Although compelling new evidence has demonstrated a role for DIAPH1-MFN2 protein complexes in regulating Mito-ER apposition under basal and I/R stress, there are several questions that remain unanswered. Because MFN2 is a rather promiscuous protein present in many organelles; it is unknown whether DIAPH1 interacts with MFN2 localized to different organelles or is restricted to only MFN2 proteins localized to the ER. Based on the proximity ligation assay data, the authors concluded that DIAPH1-MFN2 interactions occurs around ER. However, close inspection of the data reveals proximity ligation assay staining puncta in regions of the cell without a positive ER signal, raising the strong possibility that DIAPH1-MFN2 interactions may not be limited to ER but instead may interact with other membranous organelles such as peroxisomes and mitochondria. Testing whether DIAPH1-MFN2 protein-protein complexes can be detected in peroxisomes, mitochondria, and ER would provide definitive proof and broad significance to DIAPH1-MFN2 interactions beyond their ascribed role in calcium regulation and metabolic signaling.

In addition, there are two isoforms of MFN2 that have been identified localized to ER, ERMIT2 and ERMIN29. It remains to be tested whether DIAPH1 interacts with one or both ER MFN2 isoforms and whether specific MFN2 isoforms influence Mito-ER tethering and cardiac function. Although calcium dynamics are controlled by Mito-ER interactions that are critical for normal cardiac function, this potential function of the DIAPH1-MFN2 complex was not fully explored. It is unclear how altered ER-Mito interactions influence cardiac contractility or whether Mito-ER apposition influences ER morphology or ER protein trafficking. Furthermore, future studies should assess sex-specific differences between female and males, as it has been established that sex differences exist with respect to cardiac injury following myocardial infarction, particularly heart failure. It would be important to know whether plasticity in Mito-ER contact sites influences cardiac outcomes following I-R in a sex-specific manner.
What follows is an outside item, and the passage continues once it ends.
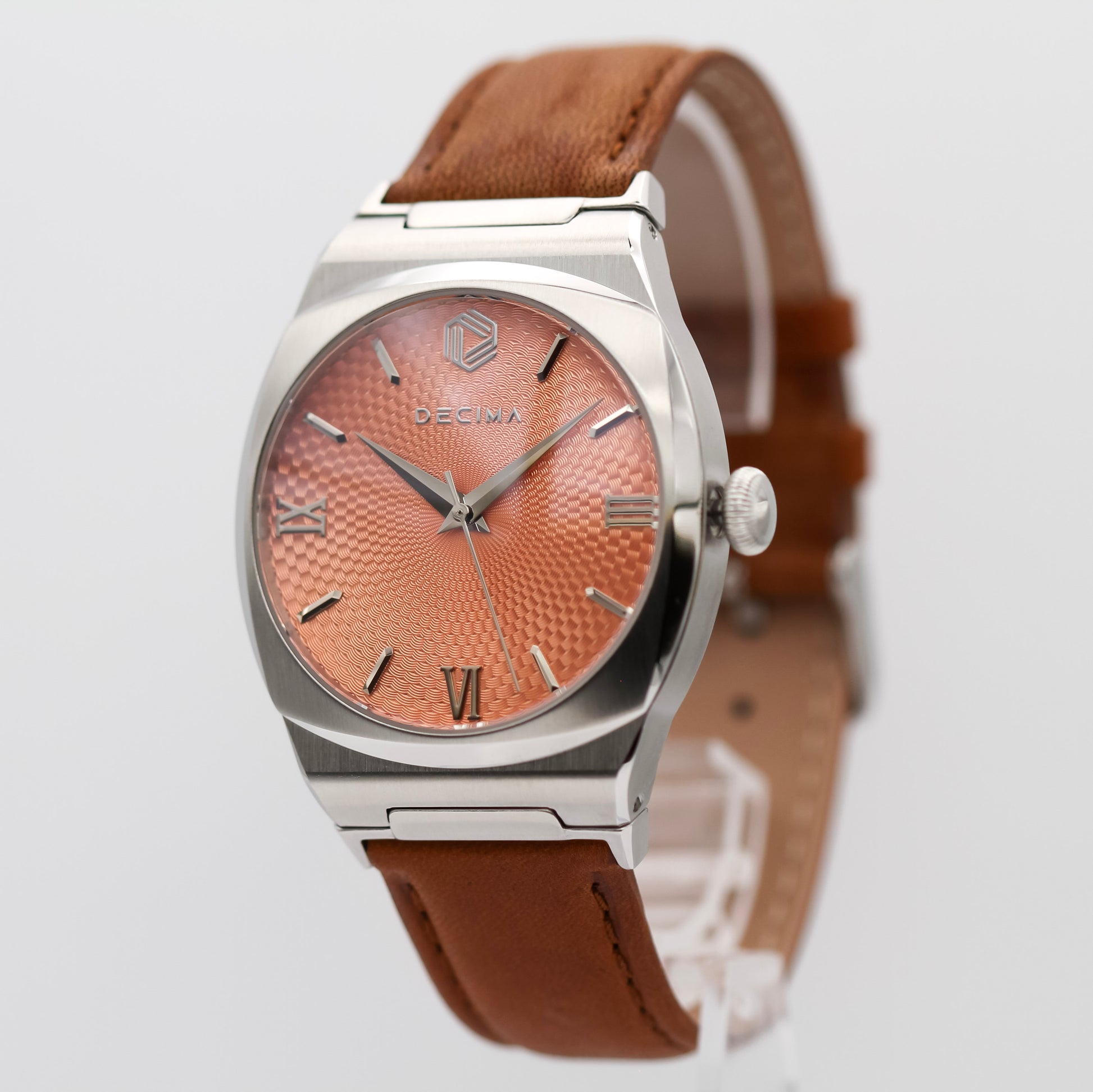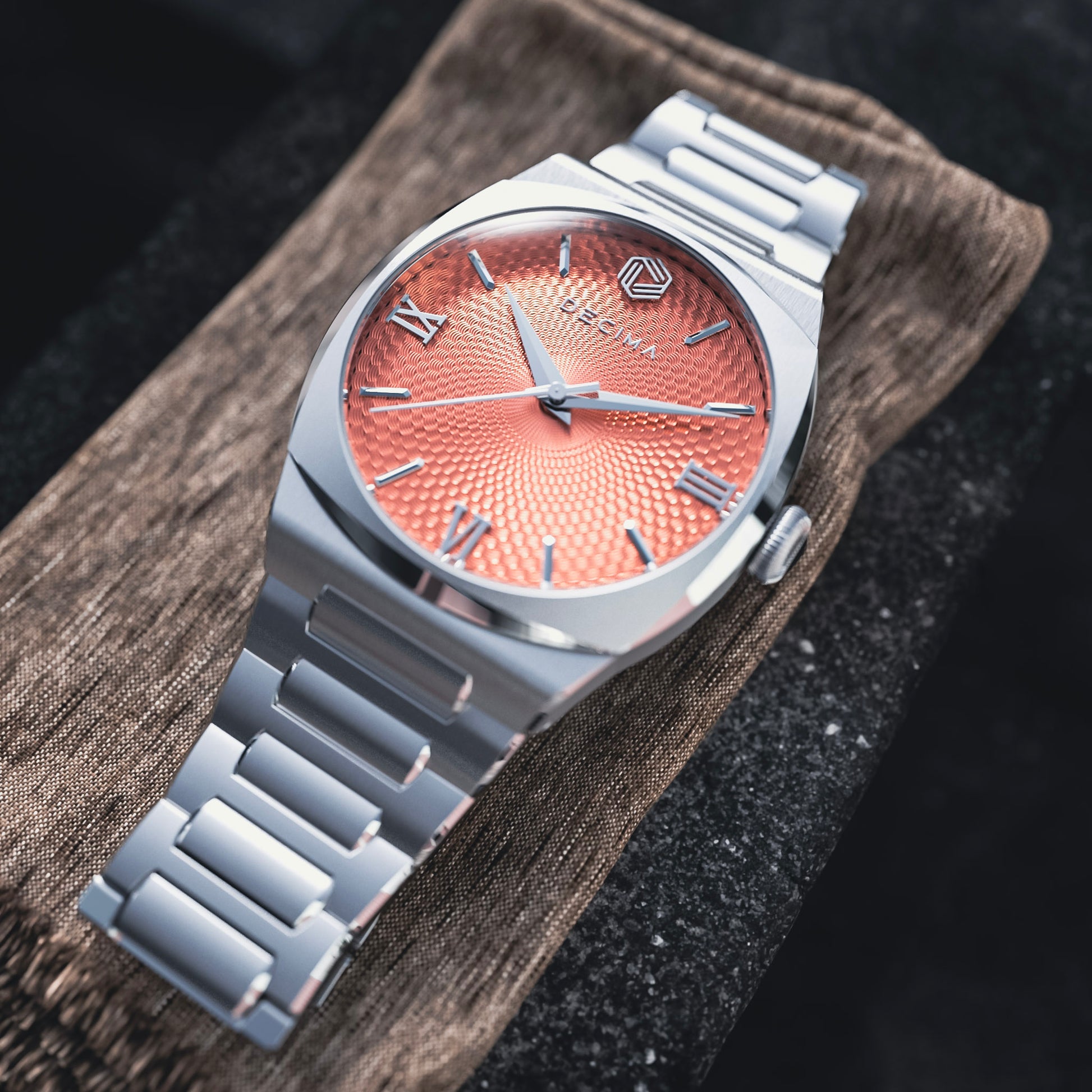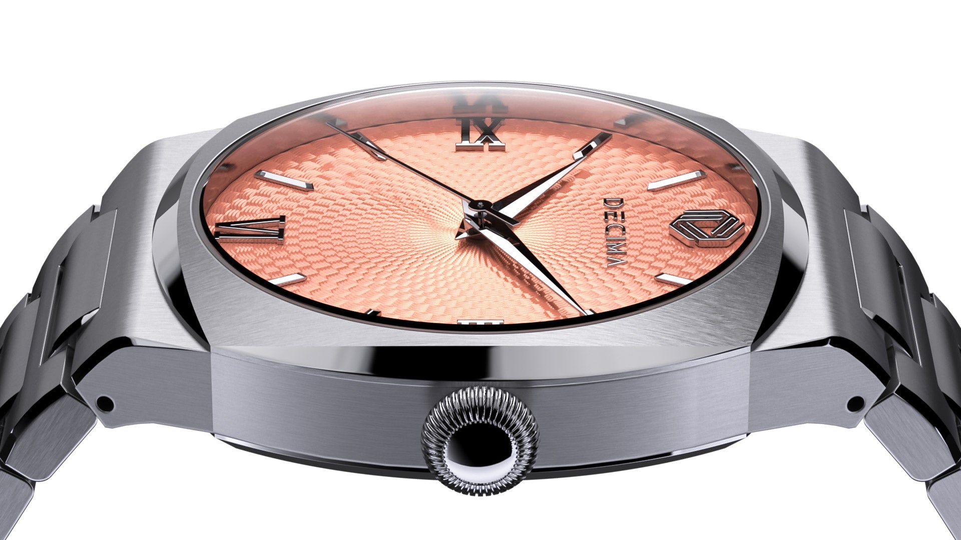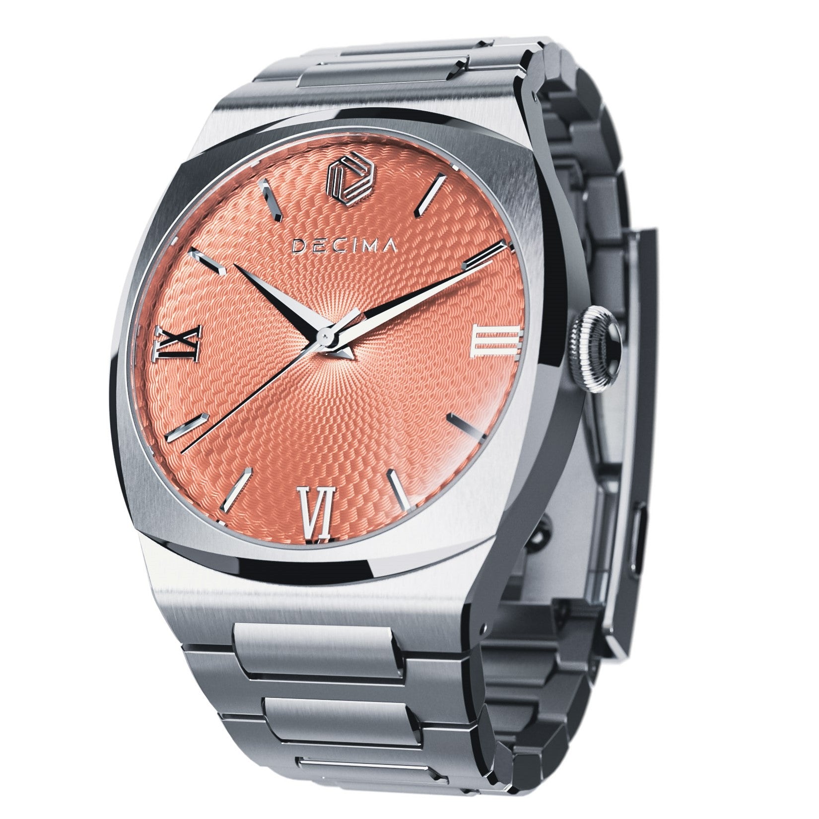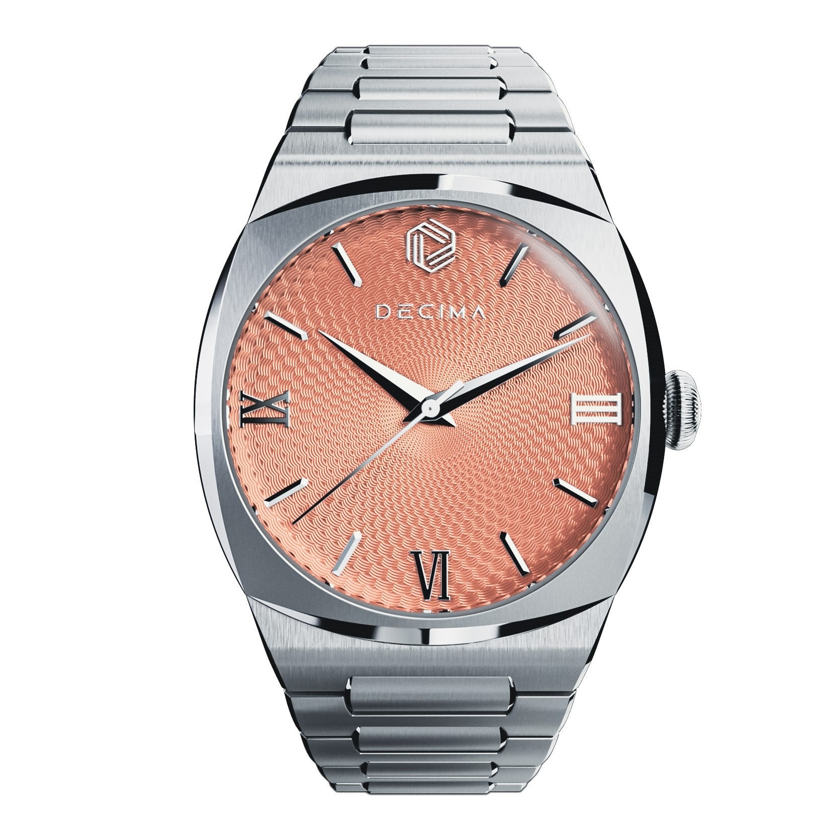 The Decima Gatekeeper Collection seamlessly blends two distinct worlds of watchmaking. Its classic dial showcases elegant dauphine hands, Roman numerals, and a guilloché panier pattern, while the bold, modern case stands out with its unique shape and a mix of brushed and mirror-polished finishes. The Gatekeeper boldly demonstrates that combining contrasting styles in a single timepiece creates a striking, standout statement.
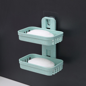 トイレの水を切って壁掛けの浴室の棚の石鹸の箱の二重の穴を開けない石鹸の箱の吸盤の石鹸の棚のアイデアを置きます。

Mitochondria in cardiac myocytes are highly heterogeneous organelles with perinuclear, intrafibrillar, and subsarcolemmal pools. Do changes in DIAPH1-MFN2 interactions affect the global mitochondrial network, or are they restricted to a specific compartmental pool of mitochondria? It would also be prudent to assess DIAPH1-MFN2 interactions and Mito-ER contacts in adult cardiac myocytes, which exhibit a different morphology, distribution of organelle, and network from the cell lines used in this study. Another exciting future direction is the interactions identified between DIAPH1 and other Mito-ER-associated proteins, such as voltage-dependent anion-selective channel 1 (VDAC1) or Inositol trisphosphate receptor (IP3R). The relevance of these DIAPH1 interactors to Mito-ER proximity and cardiac myocyte function remains to be investigated.

Concluding remarks

Yepuri et al. discovered a previously unknown association between cytoplasmic F-actin polymerizing protein DIAPH1 and the mitochondrial dynamics protein MFN2 that influences cardiac function by controlling the distance at the Mito-ER contact site. Hence, the interaction between DIAPH1 and MFN2 exemplifies how distinct cellular compartments communicate to evoke an integrated response to cell stress. It will be important in future studies to assess the role of DIAPH1 as a modulator of intra-organelle communication in the pathogenesis of human diseases, particularly where altered MFN2 activity is known to play a role.